Knowing God chapters 3-6

I pray that you were blessed this week as I was after reading chapters 3-6 in our ongoing book study of Knowing God. Below I will post my thoughts and synopsis of these chapters and ask that you will interact with the text as well and post your comments accordingly.
Chapter 3
I loved the way Packer began the chapter by asking questions of our ultimate existence, all of which was for the reason of knowing God. Passages such as John 17, Jeremiah 9, and Hosea 6 all affirm that our main business is to be knowing God. It is a goal that will never prove to be mundane and that will never be exhausted, we will never fully know Him. It should provide excitement to us.
As you read you saw that knowing a person is dependent upon them. If they are unwilling to disclose information about themselves then it is a fruitless exercise. This, however, is not the case with God, He desires that we know Him. He has provided His word that knowing Him may occur in our lives. He has given His son, that we may know Him. Above and beyond this, we may know Him as believers, because He knows us.
How well do you know God? I am not speaking of mere intellectual assent, but a deep knowledge of the Father who gave His son so that you might be adopted into His family.
Chapter 4
In a somewhat obscure chapter Packer speaks about idolatry, especially in the area of visual images of God. I would not say that I am as staunch an advocate as Packer is of having no visual pictures of the cross or perhaps other symbols of our faith. While I will not be placing a statue of Jesus out in my yard next to the yard gnome, I see nothing that dishonors God in looking at the cross and visualizing the death of our saviour, remembering also that He rose again. How did you react to this chapter, what are your feelings about these visual images?
Chapter 5
Following the obscurity of chapter 4, chapter 5 is one of those chapters that makes the book worth buying in and of itself as he speaks about the incarnation.
I pray that as we have just celebrated the birth of the saviour, you realize that He was born to die. We can never grasp completely every aspect of the resurrection, but Packer systematically analyzes much of what we can understand.

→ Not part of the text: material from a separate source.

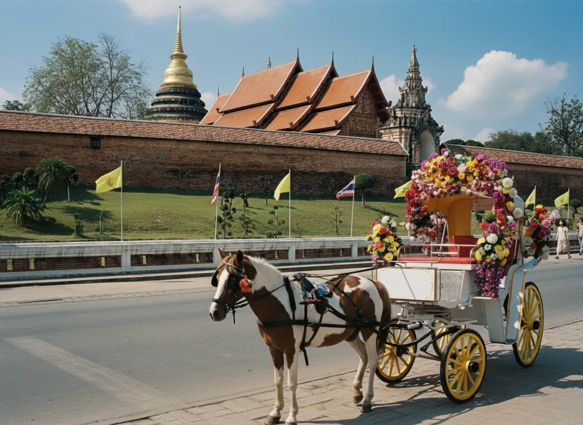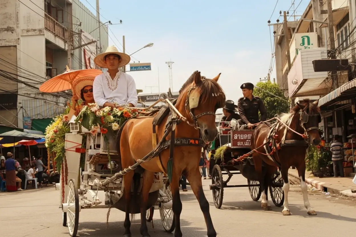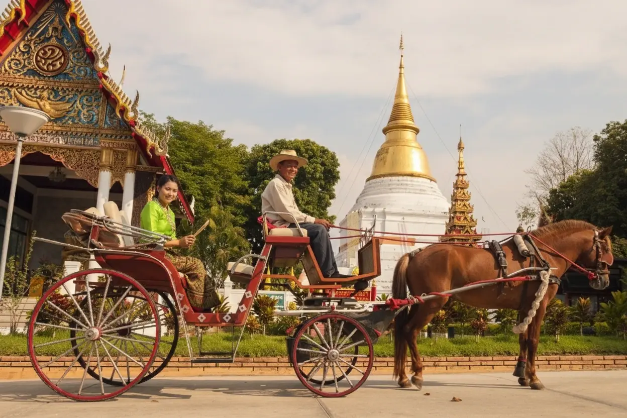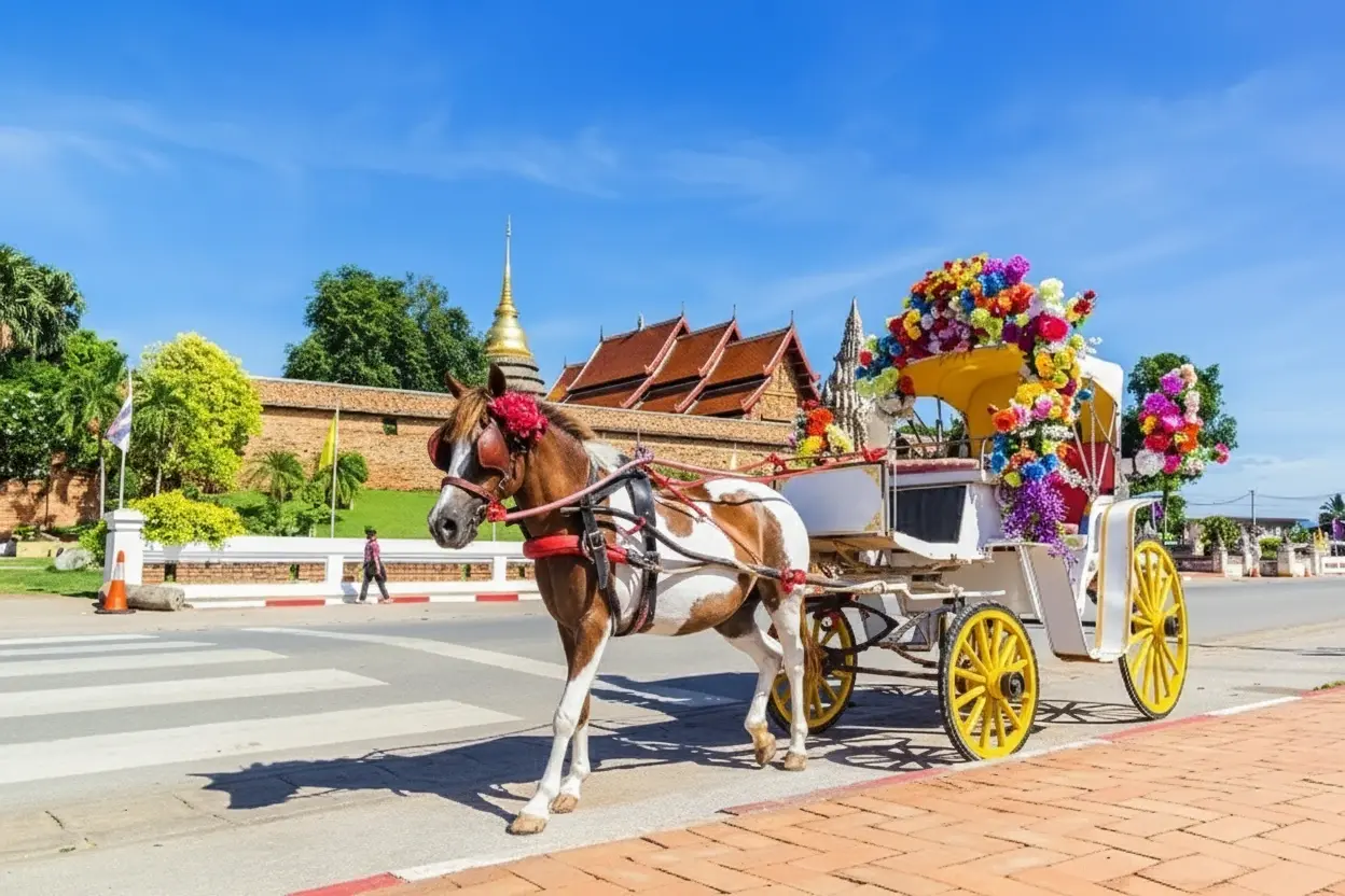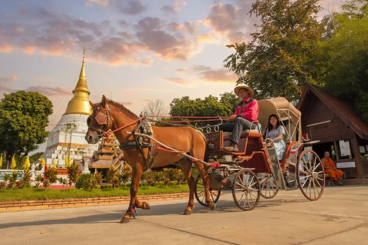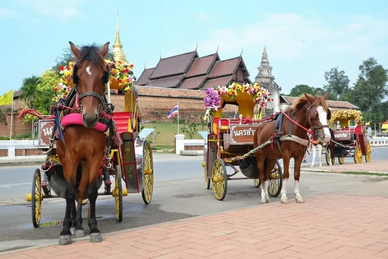 The Lampang Horse Carriage Ride is one of the most iconic ways to explore the city’s old-world charm. Dating back to the early 20th century, horse-drawn carriages were once the main mode of transport in Lampang. Today, they are a symbol of the city’s cultural identity and offer visitors a relaxing journey through heritage streets, temples, and markets.

His greatest contribution is in dealing with the kenosis presented in Philippians 2. What does it mean that God emptied Himself to become a man. Packer asserts that God did not lose any of His deity, but He was now God plus all that He had made His own by taking manhood upon Himself. How do we explain that there are some things that Jesus appeared not to know and to be unable to do while on earth, while at other times He performed miracles and fulfilled prophecy with His words. The explanation is in that He fully placed Himself under the will of the father, doing only what the father's will allowed Him to do. Being fully submissive to the Father was His course, and as we see, it led Him ultimately to the garden to cry out, and to the cross to die in the place of a world of sinners. What is your view of Jesus' deity, was He fully God in your eyes? Read and reread chapter five in order to get what he is saying here.

For Next Week
Read chapter six, I will post on it next Friday. God bless, and have a great weekend.